Extracted information →
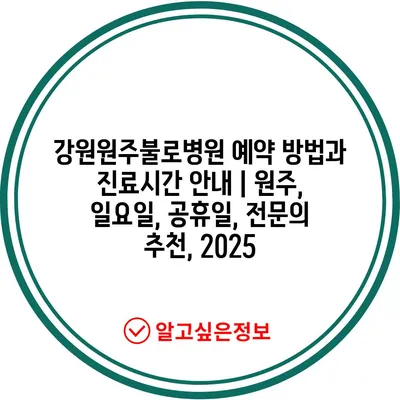 강원원주불로병원 예약 방법과 진료시간 공지 | 원주, 일요일, 공휴일, 전연락 추천, 2025 에 대해 자주 묻는 질문 TOP 5
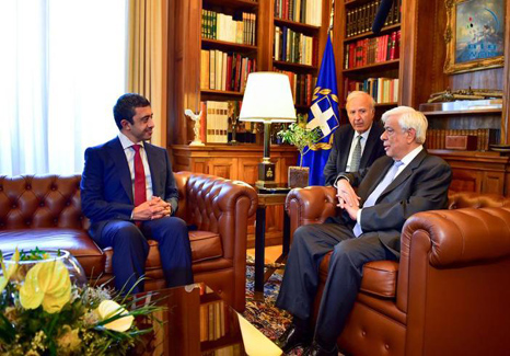 ATHENS, 14th July, 2016 (WAM) -- The President of the Hellenic Republic, Prokopios Pavlopoulos, yesterday received H.H. Sheikh Abdullah bin Zayed Al Nahyan, Minister of Foreign Affairs and International Cooperation, and his accompanying delegation, at the Presidential Palace in the Greek capital, Athens. During the meeting, H.H. Sheikh Abdullah bin Zayed conveyed the greetings of President His Highness Sheikh Khalifa bin Zayed Al Nahyan to the Greek President, wishing Greece and its people further progress and prosperity. Sheikh Abdullah also highlighted the importance of bilateral relations between the two countries and ways of enhancing them in various fields, including the need to promote economic relations, especially in the fields of energy and investment. The Greek President reciprocated his greetings to President His Highness Sheikh Khalifa, stressing his country's keenness to strengthen its relations with the UAE, given the outstanding position it has reached. During the meeting, the two sides also reviewed bilateral relations between the two countries and ways of enhancing them, as well as a number of issues of common interest. The meeting was attended by Sultan Mohammed Majid Al Ali, UAE Ambassador to Greece. - Emirates News Agency, WAM – http://www.wam.ae/en/news/emirates/1395297719773.html
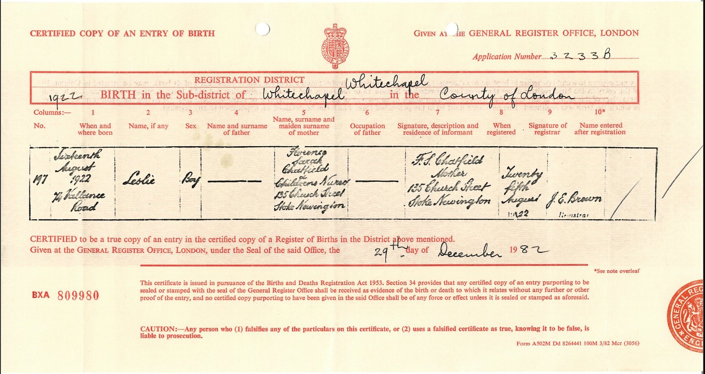 Birth CHATFIELD Leslie 1922 Aug.jpg![]() |
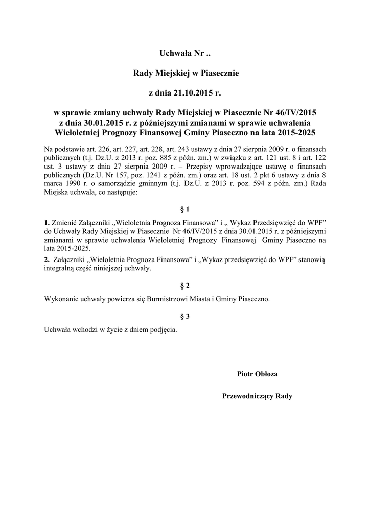 Uchwała Nr .. Rady Miejskiej w Piasecznie z dnia 21.10.2015 r. w sprawie zmiany uchwały Rady Miejskiej w Piasecznie Nr 46/IV/2015 z dnia 30.01.2015 r. z późniejszymi zmianami w sprawie uchwalenia Wieloletniej Prognozy Finansowej Gminy Piaseczno na lata 2015-2025 Na podstawie art. 226, art. 227, art. 228, art. 243 ustawy z dnia 27 sierpnia 2009 r. o finansach publicznych (t.j. Dz.U. z 2013 r. poz. 885 z późn. zm.) w związku z art. 121 ust. 8 i art. 122 ust. 3 ustawy z dnia 27 sierpnia 2009 r. – Przepisy wprowadzające ustawę o finansach publicznych (Dz.U. Nr 157, poz. 1241 z późn. zm.) oraz art. 18 ust. 2 pkt 6 ustawy z dnia 8 marca 1990 r. o samorządzie gminnym (t.j. Dz.U. z 2013 r. poz. 594 z późn. zm.) Rada Miejska uchwala, co następuje: §1 1. Zmienić Załączniki „Wieloletnia Prognoza Finansowa” i „ Wykaz Przedsięwzięć do WPF” do Uchwały Rady Miejskiej w Piasecznie .Nr 46/IV/2015 z dnia 30.01.2015 r. z późniejszymi zmianami w sprawie uchwalenia Wieloletniej Prognozy. Finansowej Gminy Piaseczno na lata 2015-2025. 2. .Załączniki „Wieloletnia Prognoza Finansowa” i „Wykaz przedsięwzięć do WPF” stanowią integralną część niniejszej uchwały. §2 Wykonanie uchwały powierza się Burmistrzowi Miasta i Gminy Piaseczno. §3 Uchwała wchodzi w życie z dniem podjęcia. Piotr Obłoza Przewodniczący Rady Objaśnienia przyjętych wartości W Uchwale Rady Miejskiej w Piasecznie Nr 46/IV/2015 z dnia 30.01.2015 r. z późniejszymi zmianami w sprawie uchwalenia Wieloletniej Prognozy Finansowej Gminy Piaseczno na lata 2015-2025 zmienia się Załączniki „Wieloletnia Prognoza Finansowa” i „Wykaz przedsięwzięć do WPF”. W załączniku „Wieloletnia Prognoza Finansowa” zmienia się: Zwiększa się dochody bieżące na rok 2015 o kwotę 2 719 555 zł Zwiększa się dochody z Dotacji celowych otrzymanych z budżetu państwa na realizację zadań bieżących z zakresu administracji rządowej oraz innych zadań zleconych gminie ustawami o kwotę 64 378 zł Zwiększa się dochody z Dotacji celowych przekazanych do budżetu państwa na realizację zadań bieżących gmin z zakresu edukacyjnej opieki wychowawczej finansowanych w całości przez budżet państwa w ramach programów rządowych o kwotę 70 992 zł Zwiększa się dochody z Dotacji celowych otrzymanych z budżetu państwa na realizację zadań bieżących z zakresu administracji rządowej oraz innych zadań zleconych gminie ustawami o kwotę 2 469 513 zł Zwiększa się dochody z Dotacji celowych otrzymanych z budżetu państwa na realizację zadań bieżących z zakresu administracji rządowej oraz innych zadań zleconych gminie ustawami o kwotę 18 348 zł Zwiększa się dochody z Dotacji celowych otrzymanych z budżetu państwa na realizację własnych zadań bieżących gmin o kwotę 117 934 zł Zwiększa się dochody z Gospodarki Komunalnej i ochrony środowiska o kwotę 23 390 zł Zmniejsza się dochody z Gospodarki Komunalnej i ochrony środowiska o kwotę 45 000 zł Zmniejsza się dochody majątkowe na rok 2015 o kwotę 55 204 zł Zwiększa się dochody z Dotacji celowych otrzymanych z budżetu państwa na realizację inwestycji i zakupów inwestycyjnych własnych gmin o kwotę 14 788 zł Zmniejsza się dochody z Gospodarki mieszkaniowej o kwotę 69 992 zł Zwiększa się wydatki bieżące na rok 2015 o kwotę 2 559 763 zł Zwiększa się wydatki przeznaczone na Urzędy naczelnych organów władzy państwowej, kontroli i ochrony prawa oraz sądownictwa o kwotę 64 378 zł Zwiększa się wydatki przeznaczone na Edukacyjną opiekę wychowawczą o kwotę 70 992 zł Zwiększa się wydatki przeznaczone na Gospodarkę mieszkaniową o kwotę 16 000 zł Zmniejsza się wydatki przeznaczone na Gospodarkę mieszkaniową o kwotę 16 000 zł Zwiększa się wydatki przeznaczone na Oświatę i wychowanie o kwotę 69 157 zł Zmniejsza się wydatki przeznaczone na Oświatę i wychowanie o kwotę 69 157 zł Zwiększa się wydatki przeznaczone na Gospodarkę komunalną i ochronę środowiska o kwotę 35 000 zł Zmniejsza się wydatki przeznaczone na Gospodarkę komunalną i ochronę środowiska o kwotę 35 000 zł Zwiększa się wydatki przeznaczone na Pomoc społeczną o kwotę 2 487 861 zł Zwiększa się wydatki przeznaczone na Gospodarkę mieszkaniową o kwotę 16 100 zł Zmniejsza się wydatki przeznaczone na Gospodarkę mieszkaniową o kwotę 16 100 zł Zwiększa się wydatki przeznaczone na Gospodarkę komunalną i ochronę środowiska o kwotę 5 000 zł Zmniejsza się wydatki przeznaczone na Gospodarkę komunalną i ochronę środowiska o kwotę 5 000 zł Zwiększa się wydatki przeznaczone na Ochronę zdrowia o kwotę 82 000 zł Zmniejsza się wydatki przeznaczone na Ochronę zdrowia o kwotę 82 000 zł Zwiększa się wydatki przeznaczone na Oświatę i wychowanie o kwotę 36 933 zł Zmniejsza się wydatki przeznaczone na Administrację publiczną o kwotę 740 zł Zmniejsza się wydatki przeznaczone na Oświatę i wychowanie o kwotę 36 933 zł Zmniejsza się wydatki przeznaczone na Oświatę i wychowanie o kwotę 37 200 zł Zmniejsza się wydatki przeznaczone na Gospodarkę mieszkaniową o kwotę 20 000 zł Zmniejsza się wydatki przeznaczone na Oświatę i wychowanie o kwotę 16 000 zł Zmniejsza się wydatki przeznaczone na Ochronę zdrowia o kwotę 3 500 zł Zwiększa się wydatki przeznaczone na Kulturę i ochronę dziedzictwa narodowego o kwotę 110 000 zł Zmniejsza się wydatki przeznaczone na Administrację publiczną o kwotę 23 880 zł Zwiększa się wydatki przeznaczone na Gospodarkę komunalną i ochronę środowiska o kwotę 42 900 zł Zmniejsza się wydatki przeznaczone na Gospodarkę komunalną i ochronę środowiska o kwotę 32 900 zł Zwiększa się wydatki przeznaczone na Transport i łączność o kwotę 116 200 zł Zwiększa się wydatki przeznaczone na Gospodarkę komunalną i ochronę środowiska o kwotę 3 000 zł Zmniejsza się wydatki przeznaczone na Transport i ł
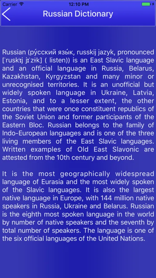 The best English to Russian Dictionary app allows you to browse dictionaries without a network connection, such as when you're on a plane, traveling abroad, out of cellular tower range or if you want to save battery!
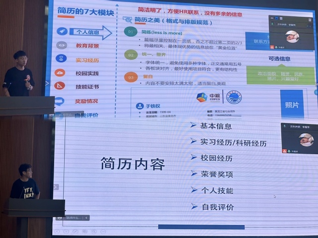 动员会还邀请了优秀毕业研究生代表宋子婷、赵强结合自身经历进行了详细的就业经验分享,并讲解了如何营造实验室就业浓郁氛围和沟通交流互帮互助的经验。2024届毕业生于铁权和贾成雨作为简历设计大赛获奖同学,通过结合企业实际案例传授了制作简历的技巧,帮助同学们制作出更加符合现行市场需求的简历,提升毕业生求职竞争力。
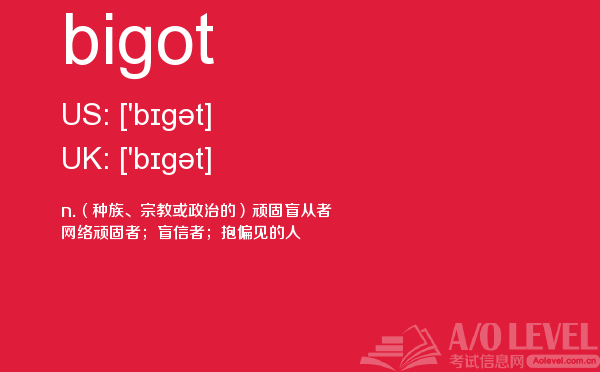 英国高中课程(a-level)的学制为两年:第一年称为as水准,学生通常选择自己最擅长且最有兴趣的3—4门课,通过考试后获得as证书。第二年称为a2水准,学生可选择as水准中优秀的3门课继续学习,通过考试后获得a-level证书。关于a-level学制相信大家肯定有一定的了解,今天alevel考试网想要带大家了解的并不是a-level学制的问题,想要介绍的是a-level重难点单词bigot,希望对大家有帮助。如果您想了解alevel培训中心,英国alevel排名,alevel历年真题,alevel官方网站等关于a-level考试的相关资讯,请继续浏览并关注课窝a/o-level考试网。
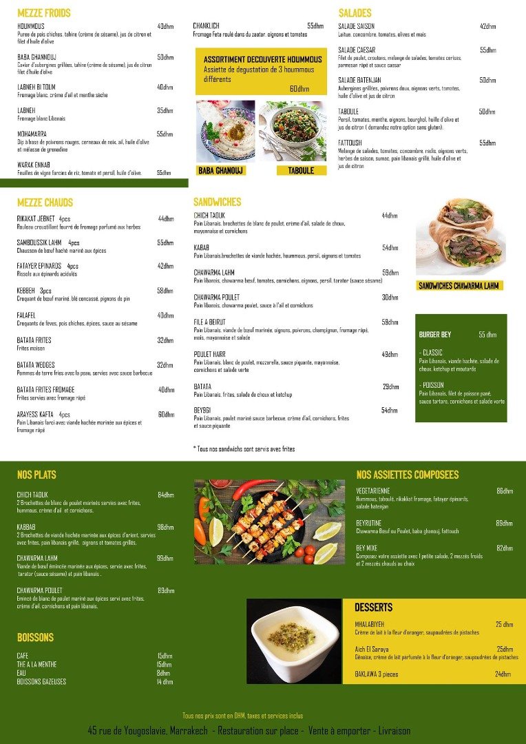 De plus, l’ambiance élégante et décontractée de notre établissement en fait un lieu idéal pour célébrer des occasions spéciales, des anniversaires aux réunions d’affaires. En somme, que vous soyez un habitant de Marrakech ou un visiteur de passage, BEY 961 vous invite à vivre une expérience gastronomique inoubliable au cœur de la ville. Rejoignez-nous pour un voyage culinaire qui éveillera vos sens et laissera une empreinte durable dans votre mémoire. »
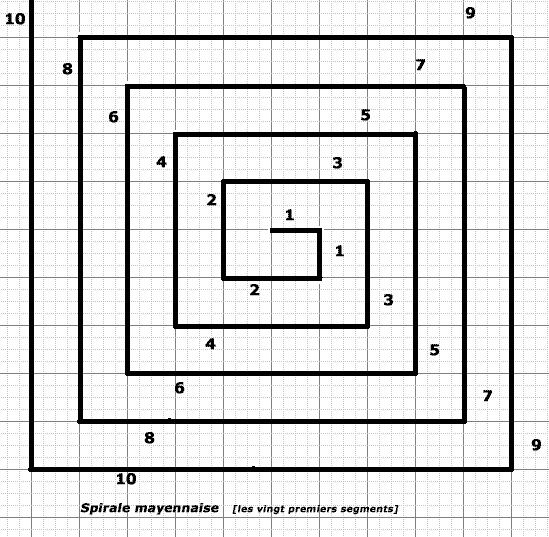 Une spirale mayennaise est une ligne brisée constituée de cinquante-trois segments de droites successifs, dont chacun, à partir du troisième, mesure un centimètre de plus que celui qui précède son prédécesseur ; les deux premiers segments mesurent chacun un centimètre ; deux segments successifs forment un angle droit, et, si l’on parcourt cette spirale depuis son origine, tous les virages sont des virages à droite.
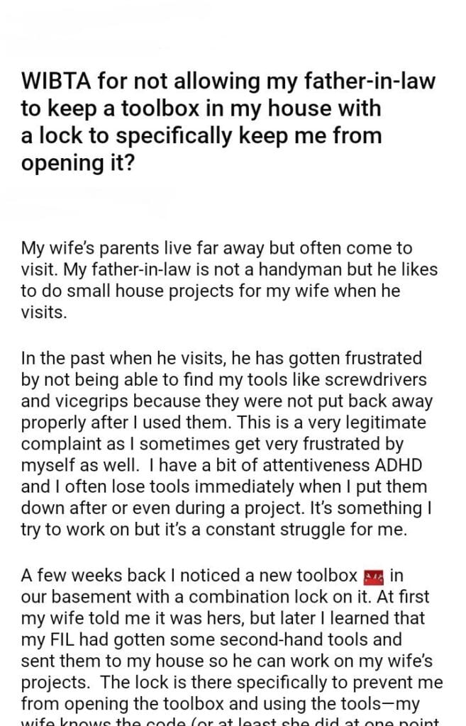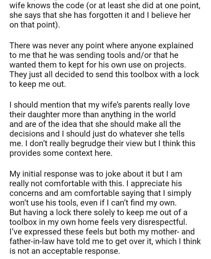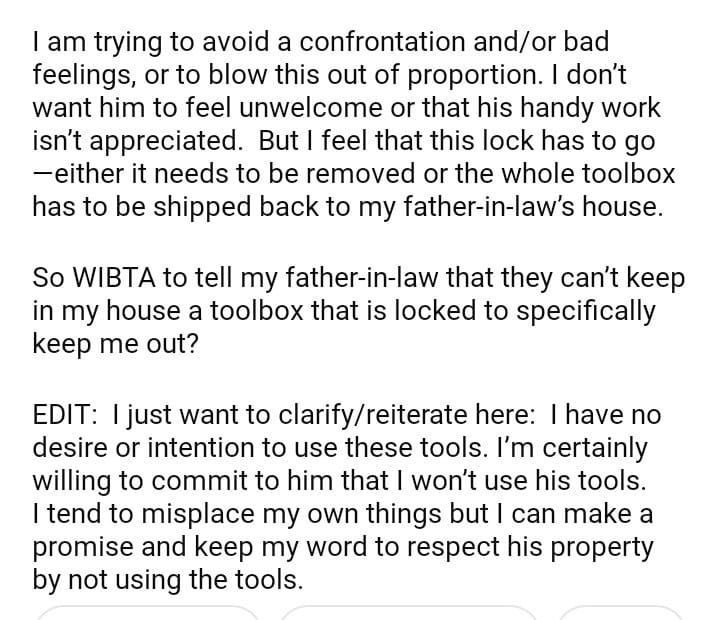 WIBTA for not allowing my father-in-law to keep a toolbox in my house with a lock

Aim of the exercise → Lines from the one holding "Une spirale mayennaise" down to the last line of the entries above must be retyped exactly, inclusive of both, with no pictures and nothing else.

Response below →
 Une spirale mayennaise est une ligne brisée constituée de cinquante-trois segments de droites successifs, dont chacun, à partir du troisième, mesure un centimètre de plus que celui qui précède son prédécesseur ; les deux premiers segments mesurent chacun un centimètre ; deux segments successifs forment un angle droit, et, si l’on parcourt cette spirale depuis son origine, tous les virages sont des virages à droite.
 WIBTA for not allowing my father-in-law to keep a toolbox in my house with a lock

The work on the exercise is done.